The potential clinical utility of MMR status as a prognostic and predictive marker provides a strong impetus for developing models to predict the presence of MMR. Therefore, the objective of our study was to develop a predictive model for identifying MMR deficiency in sporadic colon cancer patients. Since only a subset of sporadic colon cancers show defective MMR, universal screening would be neither specific nor cost effective. Furthermore, such a model should utilize routine clinical and pathological data to have the most utility in clinical practice.

Materials and Methods

Study Population

The study population consisted of 982 patients with surgically resected TNM stage II and III colonic adenocarcinomas enrolled in six randomized 5-fluorouracil-based phase III adjuvant studies conducted by Mayo Clinic and the North Central Cancer Treatment Group (NCCTG). Details of these completed, clinical trials have been previously reported 32, 33. Clinical and pathological data, collected in accordance with study protocol requirements, was obtained from the NCCTG study database. Available paraffin-embedded tumor blocks from a nonrandom subset (n= 982) of all study participants that contained sufficient tumor tissue for analysis were utilized. Primary tumor site was defined relative to the splenic flexure, and tumors located at the splenic flexure were included in the distal category. The current analysis was in accordance with the original informed consent document. Of the 982 patients, 821 were randomized to treatment arms and 161 received observation alone.

Analysis of DNA Mismatch Repair

Primary colon carcinomas were analyzed for defective DNA mismatch repair (MMR) by molecular analysis of MSI, as described below, and/or by determination of MMR protein expression by immunohistochemistry (IHC).

MSI Testing

Tumors (n= 423) had been analyzed for MSI by detecting instability at selected microsatellite loci as previously described 6, 8, 25, 33. In 200 of these cases, IHC was also performed as described below.
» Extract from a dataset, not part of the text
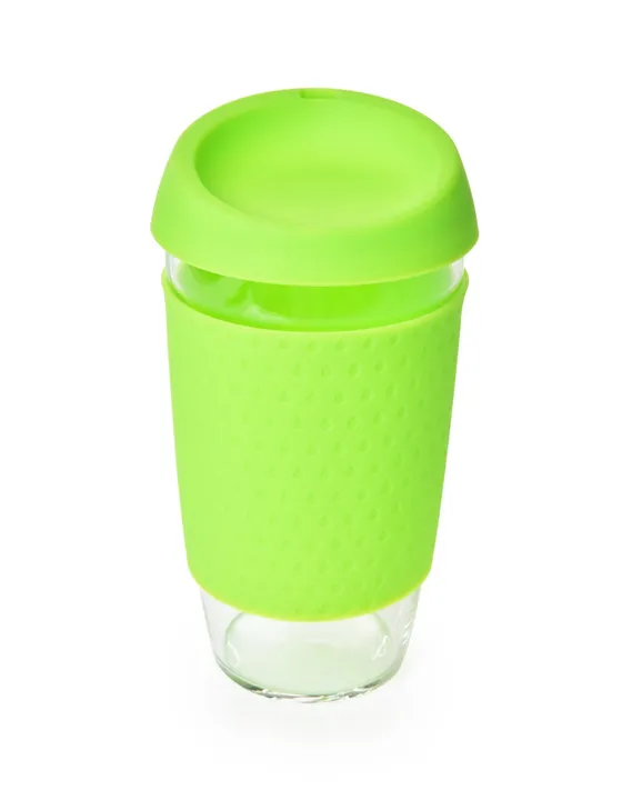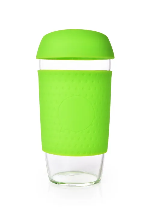 KELIMERO® | üveg kávés pohár TO GO 500 ml | szilikon tetővel és mandzsettával | élénk zöld
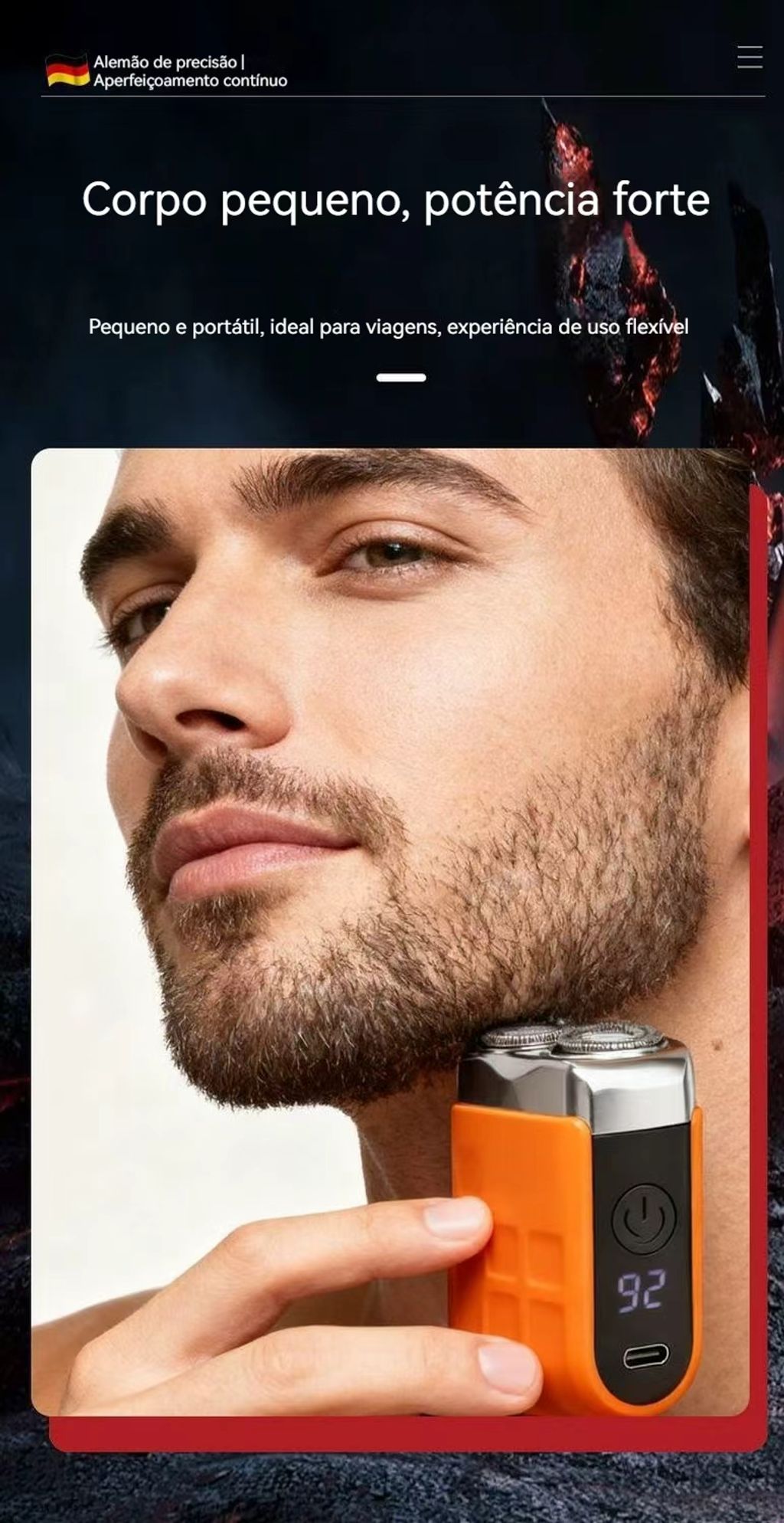 ✅ Inteligente com Indicador:Mostra o nível de carregamento, para não correr risco de acabar a bateria no meio da barba.

The tumors analyzed were composed of at least 60% tumor cells and had a minimum of five markers that successfully amplified for both normal DNA and tumor DNA. Given the preponderance of evidence indicating that tumors with MSI-L are not biologically distinct from MSS, we grouped them together in all analyses 7, 8, 25, 3436. For patients with MSI data, tumors were classified as MSI-H, MSI-L or MSS as previously described 8, 25. In one adjuvant study (NCCTG 91-46-53) 33, MMR status was determined by analysis of instability at BAT26 and MMR protein expression (hMLH1, hMSH2, hMSH6). In this study (n=396), defective MMR was defined by the presence of MSI at the marker BAT 26 coupled with absence of protein expression for hMLH1, hMSH2, or hMSH6. For patients that were stable at BAT 26 and showed normal protein expression for all three proteins, 16 additional microsatellite markers (myc-L, D8S262, D8S1742, D8S261, D8S254, D8S133, D8S136, D8S560, D8S1055, D8S1820, D8S255, ANK1, D8S1760, D8S1720, D8S1842, and D8S1925). If>30% of the markers showed MSI, then that tumor was classified as MSI-H and additional IHC testing was done with antibody for PMS2.

MMR Protein Expression

Paraffin-embedded tumors (n= 758) were analyzed for hMLH1 and MSH2 proteins, and hMSH6 (n= 387) and PMS2 were analyzed in a tumor subset. The IHC methods and antibodies utilized were as previously described 37. Slides were scored by a pathologist as showing either positive or negative based upon the presence (+) or absence (−) of nuclear staining for each MMR protein in the tumor cells. Each slide contained a unique number that enabled blinding with respect to patient identity and clinical characteristics.

Histopathology

All colon cancers were evaluated by pathologists at Mayo Clinic or at NCCTG participating institutions. Tumor histologic grade was categorized as grade 1: well differentiated, grade 2: moderately differentiated, grade 3: poorly differentiated, grade 4: undifferentiated 38. As required by the study protocols, representative blocks of normal and tumor tissue were sent to Mayo Clinic, Rochester for confirmation of the diagnosis of invasive adenocarcinoma of the colon. Histologic parameters were evaluated on hematoxylin and eosin (H&E)-stained slides without knowledge of MSI status.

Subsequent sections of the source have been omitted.